Which, when translated by the arcane compiler, manifests as:

    mov    QWORD PTR [rsp+0x8],0x0  # upper 64 bits
    mov    QWORD PTR [rsp],0x4      # lower 64 bits

Developer: I see. Is that just for small values?

Compiler Crab: Indeed not. When you brandish a more formidable enchantment, the compiler divides the magic into upper and lower halves. Witness this powerful rune:

    let a_value: u128 = 0xABCD_0000_FFFF_0000_FFFF_0000_FFFF_0000;

It transmutes into the following runes carved into the stone of machine code:

   # Upper half
   14fcf:	48 be 00 00 ff ff 00 	movabs rsi,0xabcd0000ffff0000
   14fd9:	48 89 75 c8          	mov    QWORD PTR [rbp-0x38],rsi
   # Lower half
   14fdd:	48 b8 00 00 ff ff 00 	movabs rax,0xffff0000ffff0000
   14fe7:	48 89 45 c0          	mov    QWORD PTR [rbp-0x40],rax

Developer: OK, that makes sense. What about in a function?

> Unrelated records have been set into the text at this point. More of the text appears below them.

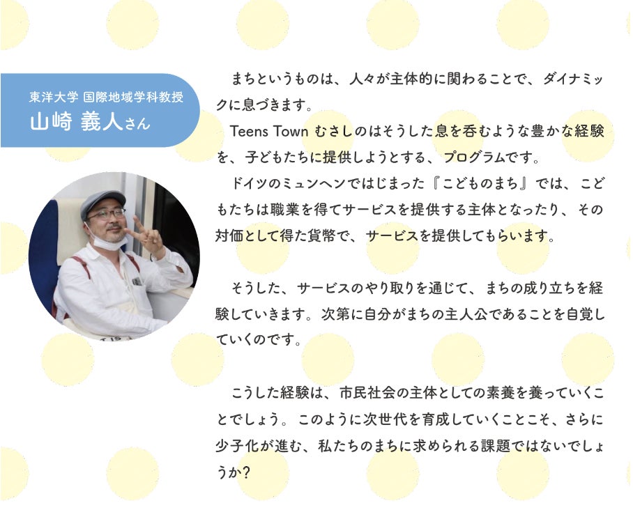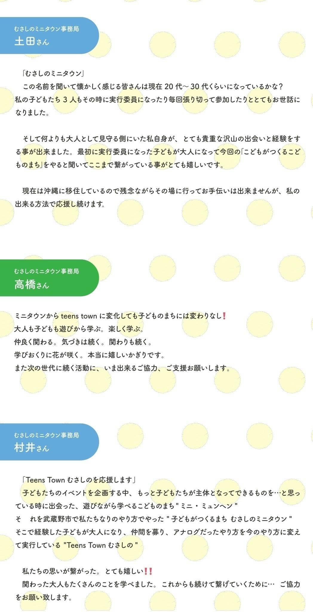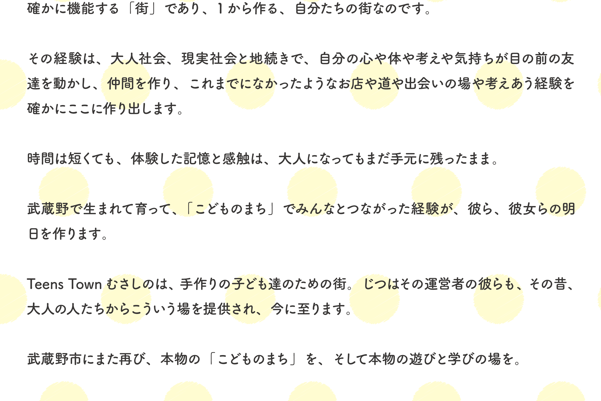 事業を終了してしまったこの「むさしのミニタウン」ですが、仲間と共に実践しながら、企画書を作り、みんなで会議をしてこどものまちをつくる経験はかけがえのない思い出となりました。そんなこどものまちでの経験がきっかけで、大学でまちづくりを専攻し、TeensTownを立ち上げ・・・いつのまにかまちづくりという途方もない航海に乗りだしていたようで、波にさらわれそうになりながら進んできています笑
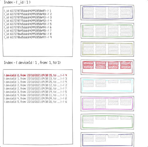 document를 받게되면 해당 document들은 순차적으로 disk의 block에 쌓이게 된다. 우리는 block에 쌓은 데이터에 access 하기 위해 인덱스를 생성하곤 한다. 그러나 이는 장기적으로 보았을 때, document를 read하는 데에서 문제가 발생한다. 특정 시간대의 device data를 보기 위해서는 여러 작은 document들을 fetch 해야하며, 이를 위해 컴퓨터는 넓게 분산된 disk block를 뒤지기 시작한다. 결론적으로, 읽어야 하는 block에 대해 동일한 DB의 cache를 사용하게 되는 비효율성이 생긴다. 이 과정에서 많은 resource가 낭비가 된다.
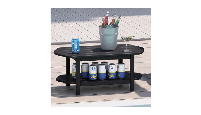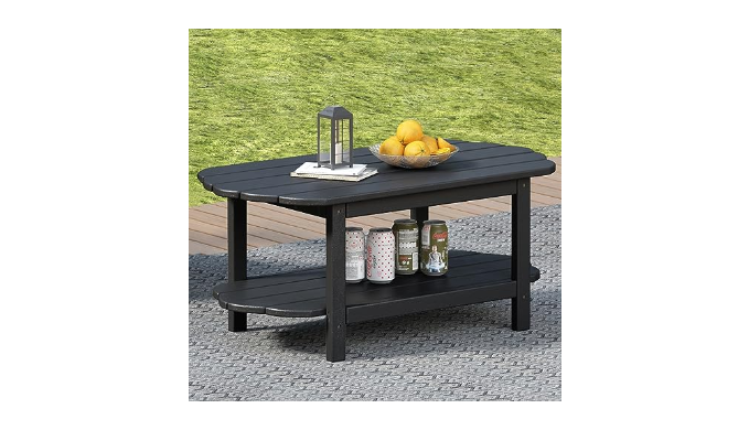 WEATHER RESISTANT: This heavy duty outdoor patio coffee table is made of environmentally friendly materialc High Density Polyethylene (HDPE) material. With a realistic textured wooden look and coated with a protective layer on the surface to prevent warping, cracking and fading, it can withstand all kinds of rain, snow, strong wind, hot sun and other harsh weather.
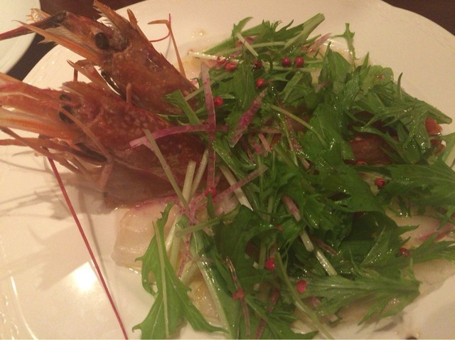 ▪️赤海老と鯛のカルパッチョ。海老の鮮度良いのでミソまで美味しくいただきました。
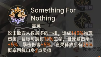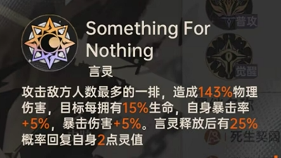 路明非的核心输出技能名为“Something for Nothing”,可对敌方中排单位发动高倍率物理伤害。该技能具备独特判定逻辑:目标当前生命值越高,暴击触发概率越高;且存在25%基础概率恢复2点灵值,显著优化技能循环节奏与资源管理效率。
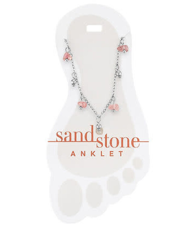 Silver Pink Natural Stone Dangle Sand & Stone Anklet
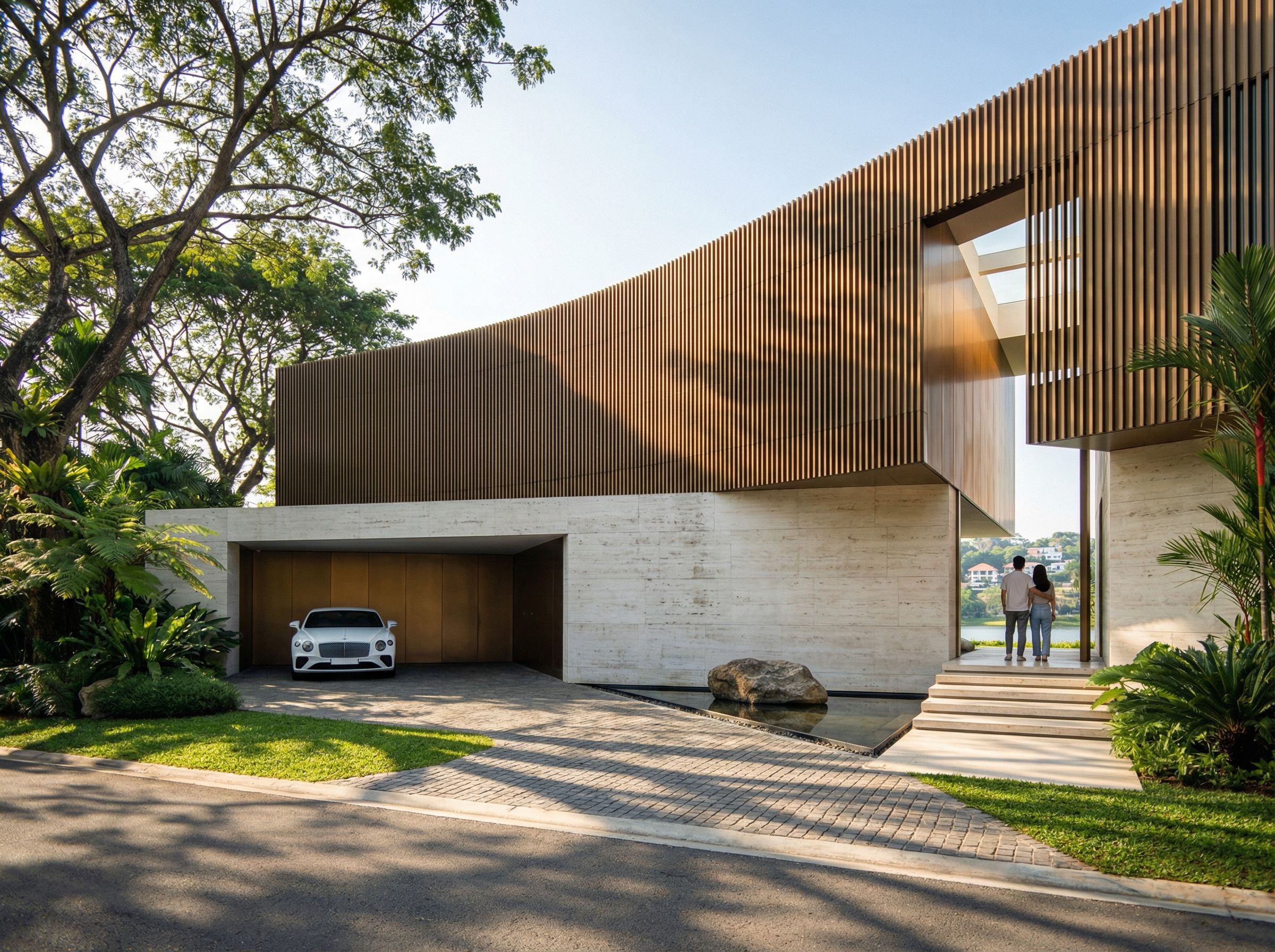 A photorealistic architectural rendering of a massive, ultra-minimal luxury curved residence based strictly on a reference SketchUp image for design, camera angle and image proportion. The facade features a sophisticated blend of White Travertine stone slabs on the ground floor, while the upper level is wrapped in continuous, sweeping vertical Bronze aluminum slats following a graceful curve. A two-bay garage is situated on the bottom left, featuring a white Bentley parked in the leftmost bay facing out, with the interior garage wall clad in sleek Bronze panels. To the far right, a grand entrance with a 4-step staircase leads upward. At the top of the stairs, a stylish Korean celebrity-like couple in casual attire stands with their backs to the camera, gazing through a tall, narrow architectural void toward a distant lake and a hillside village. Warm golden evening light spills from a skylight, grazing the interior bronze walls. The environment is lush with tropical greenery and large architectural trees. The driveway is paved with long, narrow rectangular cobblestones in a running bond pattern. Narrow reflecting pond with boulder. The scene is captured during the morning with soft light and clear blue sky. In the foreground, sunlight filters through the intricate branches of large trees, casting dappled shadows across the grass, the road, and the house. High-end cinematic lighting, serene and luxurious atmosphere.
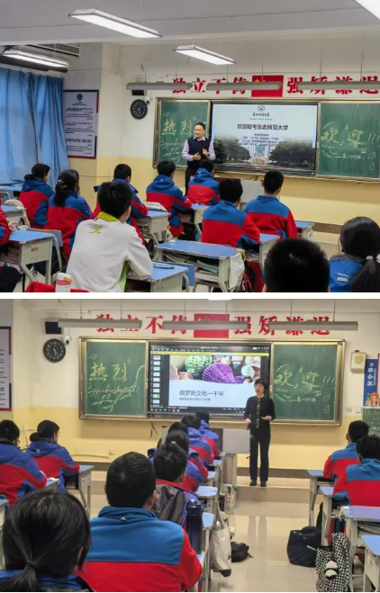 在西安市远东第一中学、西安市高新第一中学,学院副院长陈彦旭教授为师生做了题为《基于AI语言大模型的外语学习新范式》的讲座,副院长金万锋向师生介绍了东北师范大学的教育资源、专业特色及办学优势等方面内容。
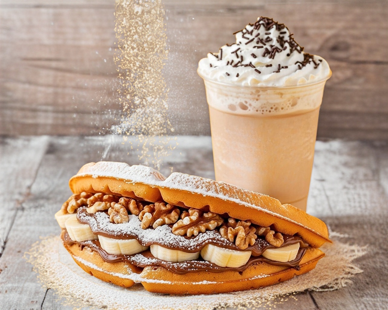 Waffle Dulce Tipo Sándwich Banano*1 + Frappé de Cappuccino*1
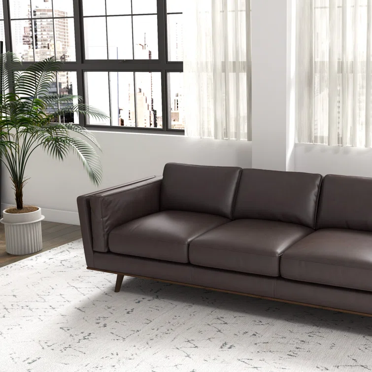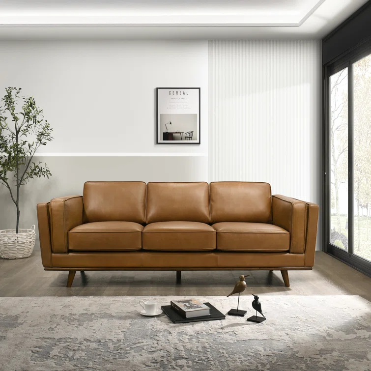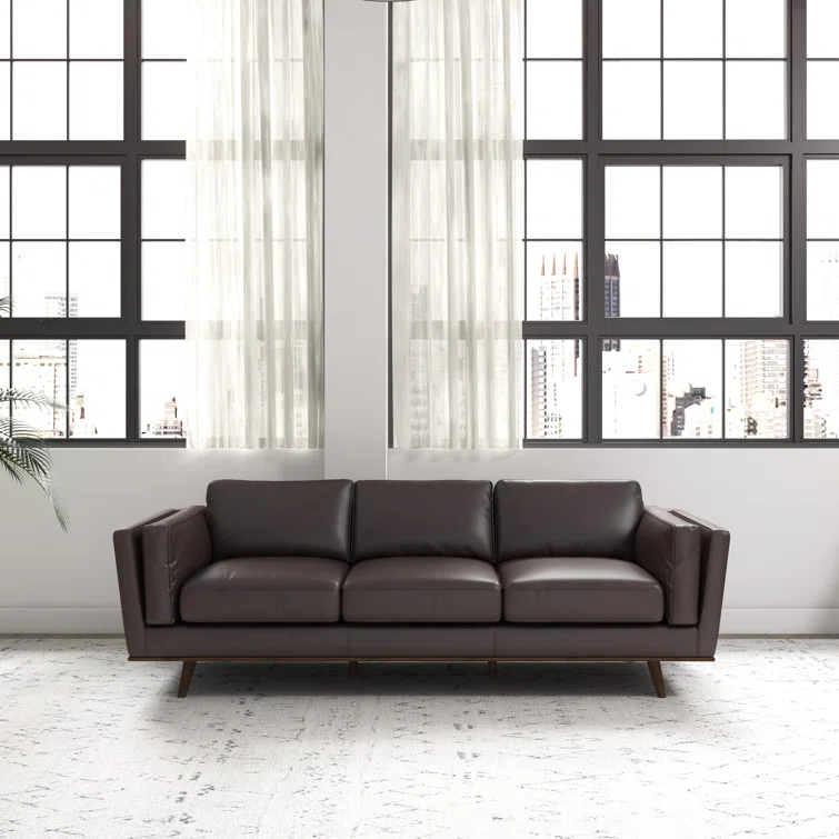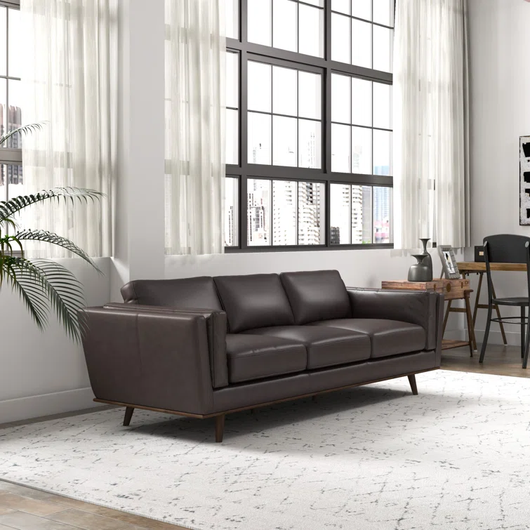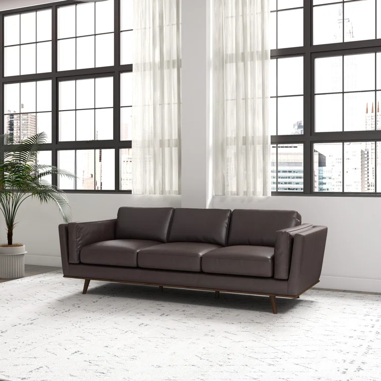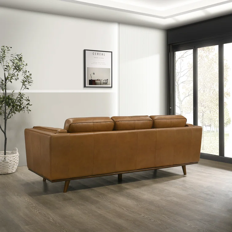 This sleekly upholstered sofa is here to bring a bold mid-century feel to your living room. It has a solid eucalyptus wood frame with a warm walnut finish, and it rests on tapered dowel legs for an elevated look. Wrapped in smooth genuine leather, this couch is also generously padded with foam for just the right amount of support as you sit back and unwind. Flared arms, piped edges, and a loose back complete the overall design.
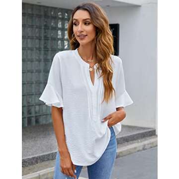 Show more Discover the perfect blend of elegance and comfort with our stunning white chiffon blouse. This beautiful piece is crafted from good quality chiffon fabric, making it lightweight, flowy, and supremely soft to wear. Designed with a small split V neck and ruffle sleeves that gracefully finish just above the elbow, it strikes the ideal balance between sexy and formal. Whether you're dressing up for a night out or keeping it casual, this top is versatile enough for any occasion.
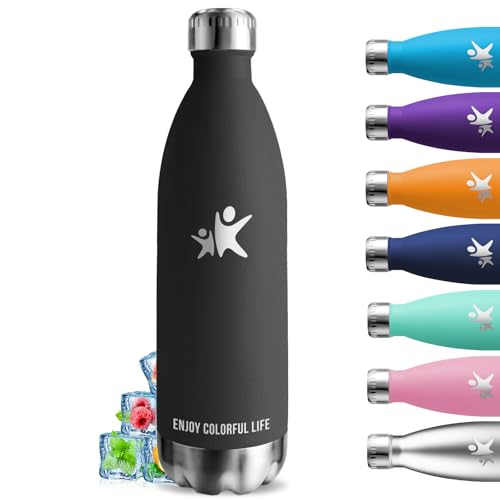 1 liter termisk vattenflaska, BPA-fri, vattenflaska i rostfritt stål, läckagefri, termisk flaska, 18/8 rostfritt stål, metall, för löpning, fitness, vandring, camping
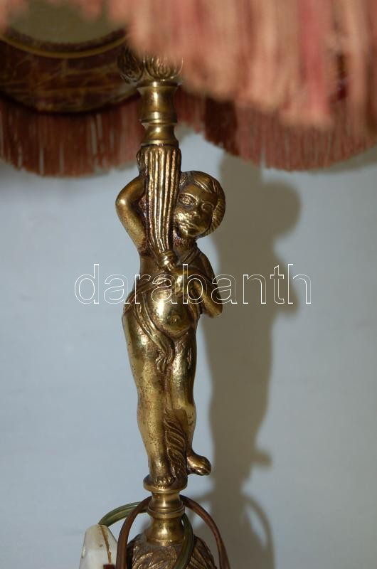 Beschreibung: Régi antik stílusú asztali lámpa réz állvánnyal és bőr burával (a burán szakadás!) /

Compiler Crab: Ah, brave Developer, observe a deeper enchantment - a function that multiplies the essence of your blade and then binds it with an arcane mask:

fn f(x: u128) -> u128 {
    let y = x * 3;
    y & 0xABCD_0000_FFFF_0000_FFFF_0000_FFFF_0000
}

Transfiguring this spell, the compiler conjures these runes:

   # x is passed in rdi and rsi

   15114:	b8 03 00 00 00       	mov    eax,0x3
   # x's lower half to rdx
   15119:	48 89 fa             	mov    rdx,rdi

   # let y = x * 3

   # Multiply rdx (implicit operand) by rax (3rd operand), and store result in rax:rcx (high:low)
   # This is the bottom 64-bits of y = x * 3
   1511c:	c4 e2 f3 f6 c0       	mulx   rax,rcx,rax

   # Now multiply the top half by three by setting x = x + x*2
   15121:	48 8d 34 76          	lea    rsi,[rsi+rsi*2]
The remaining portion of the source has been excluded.